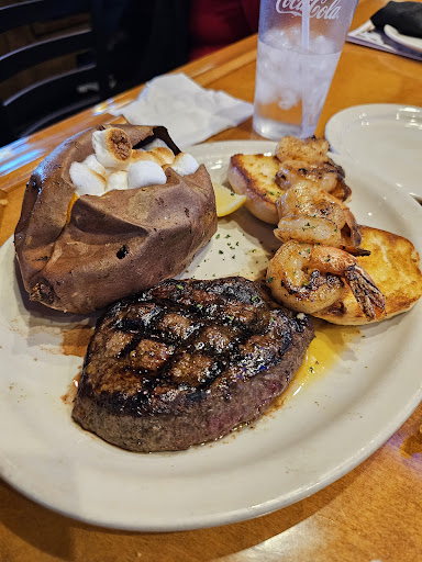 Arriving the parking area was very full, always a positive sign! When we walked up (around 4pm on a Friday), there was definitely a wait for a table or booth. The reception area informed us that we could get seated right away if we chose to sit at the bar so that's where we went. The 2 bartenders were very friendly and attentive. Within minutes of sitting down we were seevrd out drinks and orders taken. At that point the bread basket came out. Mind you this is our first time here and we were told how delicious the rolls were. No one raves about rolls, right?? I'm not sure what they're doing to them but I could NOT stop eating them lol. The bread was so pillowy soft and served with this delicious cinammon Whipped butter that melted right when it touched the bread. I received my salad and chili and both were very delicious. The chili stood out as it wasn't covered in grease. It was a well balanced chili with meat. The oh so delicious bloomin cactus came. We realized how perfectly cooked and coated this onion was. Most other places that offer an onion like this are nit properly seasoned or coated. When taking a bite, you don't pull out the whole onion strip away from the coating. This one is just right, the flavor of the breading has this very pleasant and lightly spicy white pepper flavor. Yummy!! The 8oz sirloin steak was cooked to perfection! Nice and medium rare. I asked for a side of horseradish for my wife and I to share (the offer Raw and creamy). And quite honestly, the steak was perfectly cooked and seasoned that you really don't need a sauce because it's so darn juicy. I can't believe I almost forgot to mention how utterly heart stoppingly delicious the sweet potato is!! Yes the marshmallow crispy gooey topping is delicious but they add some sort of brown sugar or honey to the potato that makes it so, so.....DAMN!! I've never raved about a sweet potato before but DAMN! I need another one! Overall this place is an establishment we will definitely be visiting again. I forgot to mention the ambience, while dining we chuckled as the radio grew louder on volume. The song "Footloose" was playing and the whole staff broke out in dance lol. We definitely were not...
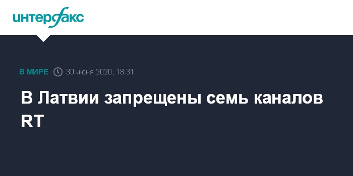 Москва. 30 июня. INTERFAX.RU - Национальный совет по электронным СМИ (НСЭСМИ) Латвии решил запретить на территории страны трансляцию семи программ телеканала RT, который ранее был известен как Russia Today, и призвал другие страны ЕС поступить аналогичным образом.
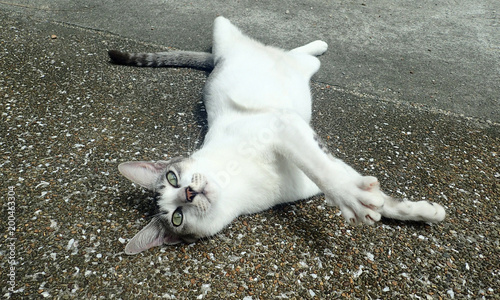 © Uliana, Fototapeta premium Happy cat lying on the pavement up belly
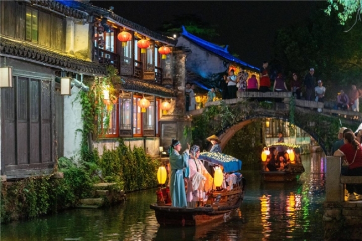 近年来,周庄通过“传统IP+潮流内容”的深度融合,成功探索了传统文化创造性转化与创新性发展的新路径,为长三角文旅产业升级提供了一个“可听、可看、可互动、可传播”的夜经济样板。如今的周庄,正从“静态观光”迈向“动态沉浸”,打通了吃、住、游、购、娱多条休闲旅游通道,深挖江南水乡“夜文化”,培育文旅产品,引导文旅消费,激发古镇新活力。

-- -- --

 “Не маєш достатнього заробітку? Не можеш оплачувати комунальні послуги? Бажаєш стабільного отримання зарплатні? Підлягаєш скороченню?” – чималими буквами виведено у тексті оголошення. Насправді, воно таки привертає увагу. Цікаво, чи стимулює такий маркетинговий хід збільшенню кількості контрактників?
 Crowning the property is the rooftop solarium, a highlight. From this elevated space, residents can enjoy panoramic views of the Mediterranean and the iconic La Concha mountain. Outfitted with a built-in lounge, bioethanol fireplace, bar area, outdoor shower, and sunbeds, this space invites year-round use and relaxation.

-- -- --

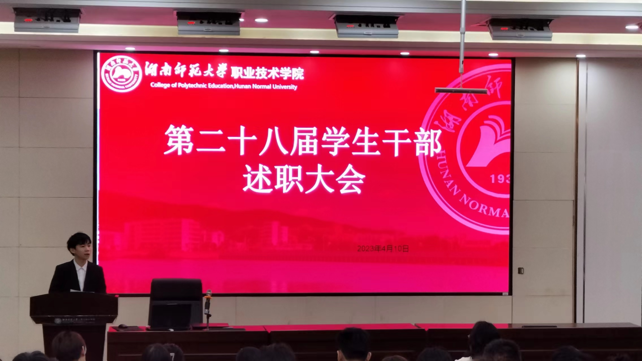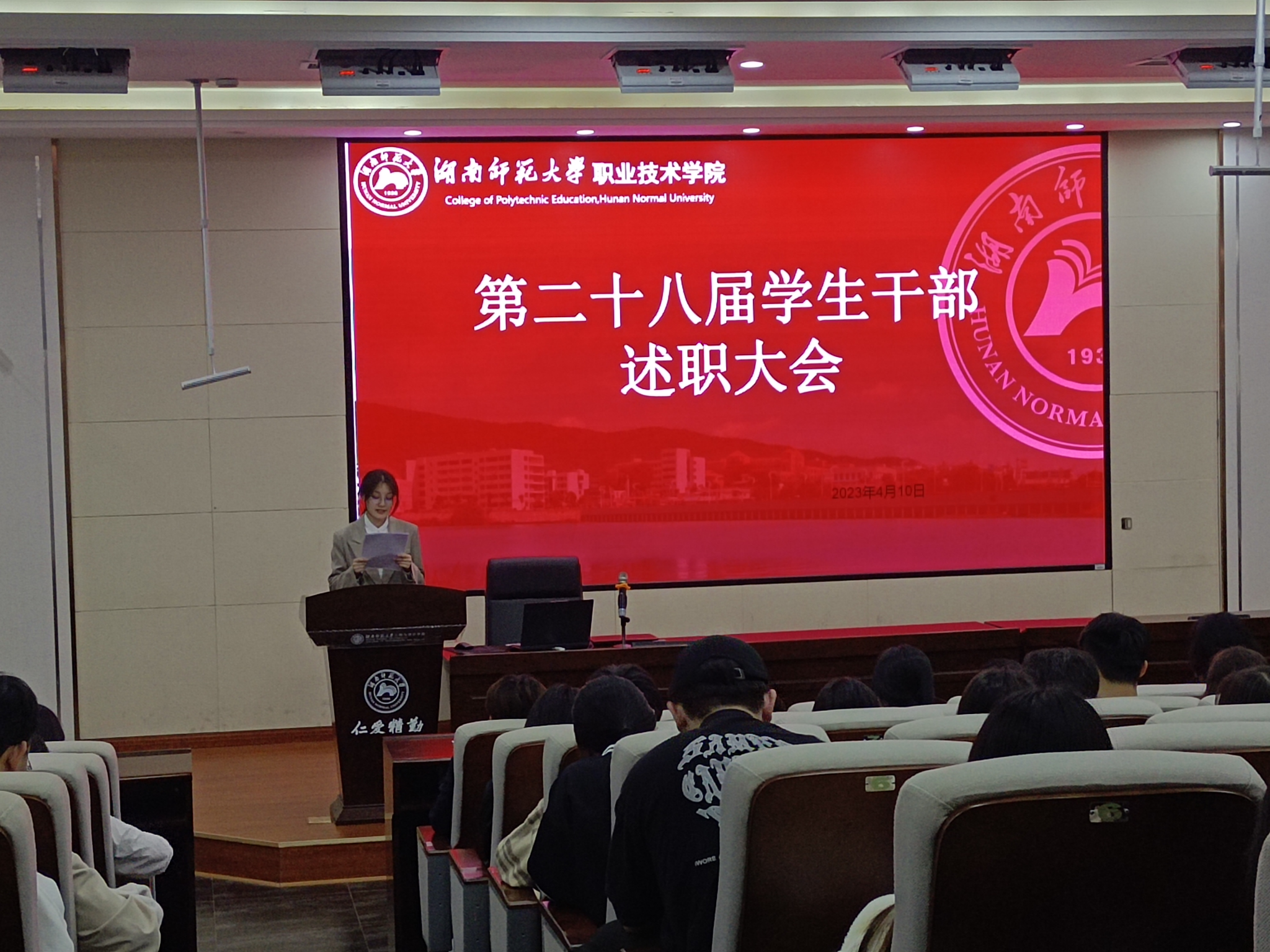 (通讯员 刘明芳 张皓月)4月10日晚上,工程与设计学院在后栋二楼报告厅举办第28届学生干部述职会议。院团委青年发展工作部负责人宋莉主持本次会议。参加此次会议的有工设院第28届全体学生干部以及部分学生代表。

-- -- --

**WHAT IS BEING ASKED:** Please transcribe exactly the lines above from the line that has "збільшенню кількості контрактників?" up to and including the line that has "Crowning the property"; no other line belongs in the answer.

**OUTPUT FOR THIS TASK:**
 “Не маєш достатнього заробітку? Не можеш оплачувати комунальні послуги? Бажаєш стабільного отримання зарплатні? Підлягаєш скороченню?” – чималими буквами виведено у тексті оголошення. Насправді, воно таки привертає увагу. Цікаво, чи стимулює такий маркетинговий хід збільшенню кількості контрактників?
 Crowning the property is the rooftop solarium, a highlight. From this elevated space, residents can enjoy panoramic views of the Mediterranean and the iconic La Concha mountain. Outfitted with a built-in lounge, bioethanol fireplace, bar area, outdoor shower, and sunbeds, this space invites year-round use and relaxation.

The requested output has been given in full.